Egypt's recent purchase of two French-made Mistral-class helicopter carriers has naturally raised the question of its significance to Egypt's national security in general, and maritime security in particular.
How will this affect the regional balance of naval forces, especially in the Mediterranean to the north and the Red Sea to the east?

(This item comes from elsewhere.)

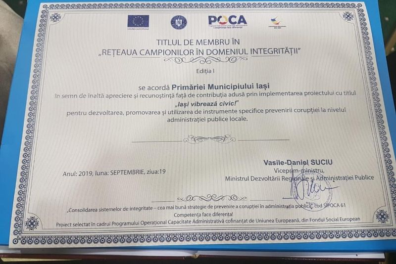 De asemenea, în cadrul aceleiaşi competiţii, municipalitatea ieşeană a obținut şi locul al III-lea la capitolul „Popularitate”.„Reţeaua Campionilor în domeniul integrităţii” a fost lansată de către MDRAP pe data de 1 iulie 2019 la nivelul administraţiei publice locale, ca activitate a proiectului „Consolidarea sistemelor de integritate – cea mai bună strategie de prevenire a corupţiei în administraţia publică”.Iniţiativa MDRAP a fost susţinută de Secretariatul General al Guvernului, Ministerul Justiţiei, Agenţia Naţională a Funcţionarilor Publici, Institutul Naţional de Administraţie şi Agenţia Naţională de Integritate, instituţii cu care în ultimii șase ani MDRAP, prin Direcţia integritate, Bună guvernare şi Politici publice a colaborat în domeniul integrităţii şi al bunei guvernări.

This question is all the more important given the greater manoeuvrability now possible between the two zones following completion of the New Suez Canal, enabling two-way traffic through most of this waterway.

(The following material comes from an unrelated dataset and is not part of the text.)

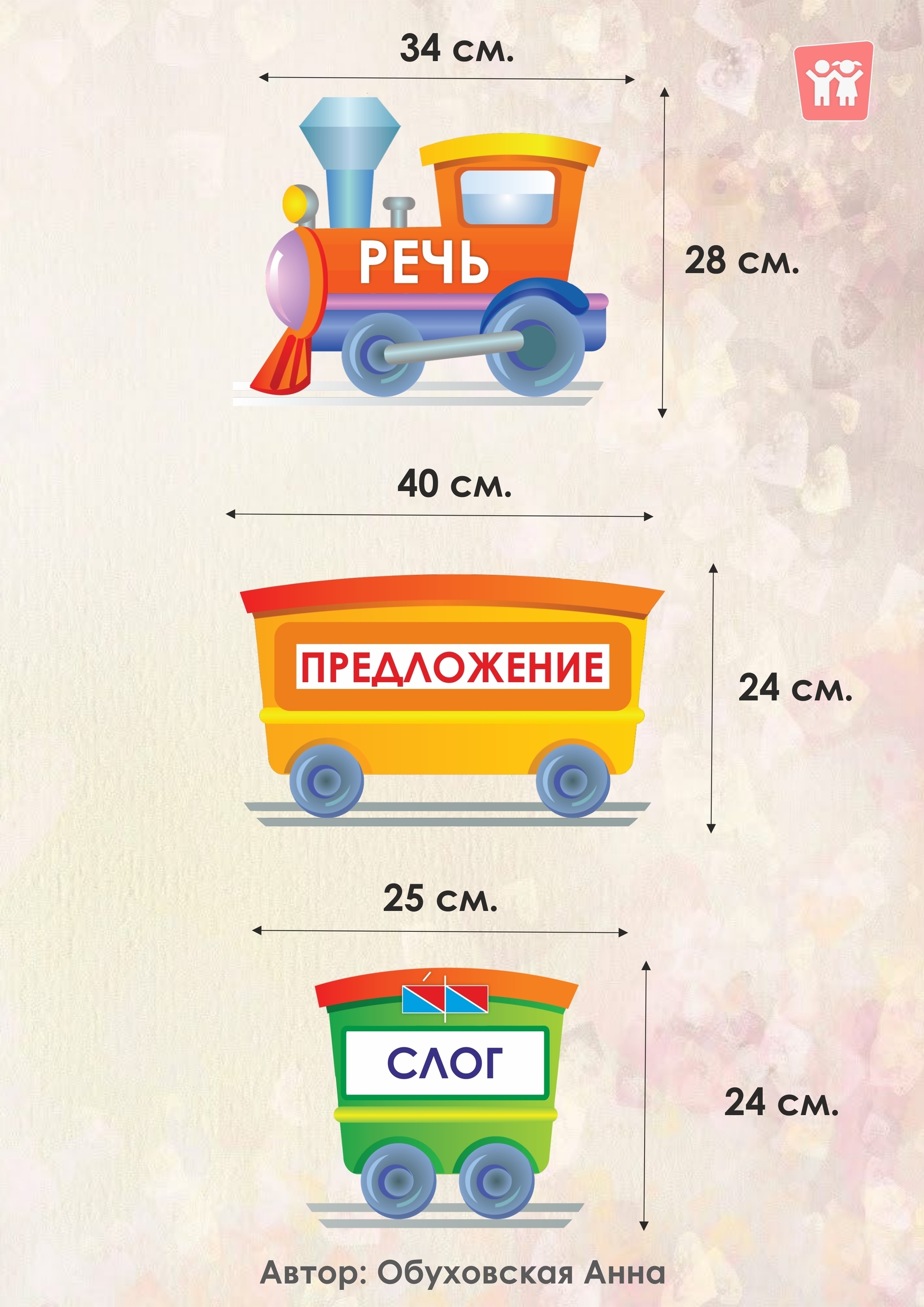 Размер композиции на стене зависит от того, насколько близко расположить вагоны друг к другу, вариант как на шаблоне: 2 м. на 42 см. Размер вагона "ПРЕДЛОЖЕНИЕ": 40 х 24 см. Размер остальных вагонов: 25 х 24 см.

We will discuss, first, Egyptian maritime national security; second, the regional balance of naval powers in which Egypt still retains the edge; and third, the Mistral and its potential for operating in the strategic depth or distance.
Egypt's maritime national security is intrinsically connected with its extensive shores on both the Mediterranean and the Red Sea. Egypt's Mediterranean coast stretches from Gaza in the east to Salloum in the West, and its Red Sea coast from Port Said in the north to Halayeb in the south.
To the north, Egypt shares an immediate shoreline with Gaza, to the east with Israel, and to the west with Libya. Egypt is indirectly connected via this shoreline to Lebanon, Syria, Turkey and Cyprus. Its Mediterranean coast links it to the other North African countries of Tunisia, Algeria and Morocco, and northwards to the southern European coasts.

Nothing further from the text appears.